Tate’s eyes had fluttered shut, his head dropped back against the pillows, as if the conversation exhausted him. “You won’t ever have to worry about him again, Silva.”

“Tell me.”

That hysterical note had returned to her voice, the mere thought of the man she’d dreamed of over and over again braiding her in fear.

Tate’s eyes opened, fixed on her, golden and unblinking, so like her little girl’s. “It was his.”

A shudder moved through her, five years of half-remembered nightmares shaking loose.

“What happened to him?” Silva was certain she knew the answer to that as well, but she needed the confirmation if she ever wanted those nightmares to slip free.

She listened to the sound of the hamlet waking up, traffic from the resort on the road. Tate’s eyes never moved from hers.

“He’s gone, Silva. You don’t need to worry about him anymore.”

Her exhalation left her winded as he nodded at the dresser across the room.

Silva rose woodenly. A watch, a beautiful gold-cased watch.

One of his grandfather’s, she could tell immediately from the fine craftsmanship and tiny details.

It was spotted in dried blood. We can clean that for him, make it good as new.

Beside the watch was a coin. Her stomach dropped at the sight of it, her hand shaking as she lifted it from the dresser’s polished surface.

An elvish coin, large and long out of circulation, minted exclusively for the wedding tradition of dropping a coin into a wishing well to ask for a baby. It was also covered in dried blood.

Silva spun, her eyes wide. She was doing the same thing she had just screamed at him for, making inferences without actually knowing, but she already knew what happened.

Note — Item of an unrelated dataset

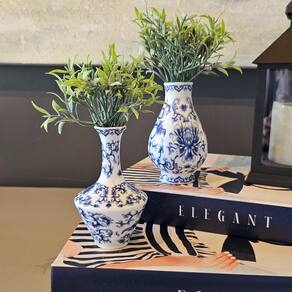 Medidas: Altura Aproximada: 11,5cm / Largura Aproximada: 7,0cm / Profundidade Aproximada 7,0cm / Peso: 120g Altura Aproximada: 12,5cm / Largura Aproximada: 7,0cm / Profundidade Aproximada 7,0cm / Peso: 120g Material: Porcelana Cor: Azul e Branco Conteúdo da Embalagem: 2 Mini Vaso de porcelana azul e branca ATENÇÃO as demais decorações das fotos são meramente ilustrativas e sugestivas, não estão inclusas no anúncio.

He had nearly gotten himself killed to retrieve the coin she had thrown into the paper wishing well at that wedding, where the man beside the pool had retrieved it.

He killed someone. Because of you. He almost died to save you . . . and now he’s trying to send you home to your husband. Because he’s a fucking idiot.

“He’s gone, dove. None of them will be able to find you.” Tate wheezed out a scraping laugh. “Won’t be able to find me, either, without the cunt there to do the fetching.”

The coin spun against the top of the dresser when she dropped it, crossing the room and several strides to perch on the edge of the bed beside him. Silva felt his quick intake of breath when she pressed her mouth to his, heard the slight hiss of pain behind it, but she didn’t care.

She could taste the salt of tears as she kissed him, but she couldn’t tell if they were his or hers.

There was a jagged line of stitches near the back of his head, felt as she pushed her fingers through his hair, her hand curling back to not touch the injury.

Her teeth were small and unsharp, nothing like his, but she bit his swollen lip anyway, knowing he’d never shove her roughly away.

The heat of his mouth was like coming home.

The mere thought made her crumple against him, lips sliding apart as she sobbed at his shoulder. Home. Five years, but now he was home. Are you family? Of course, they were.

“I thought you were going to die.” Saying the words out loud for the first time crystallized them; the fear she’d felt when he’d collapsed before her, nearly ripped away after being gone so long, only made her cry harder.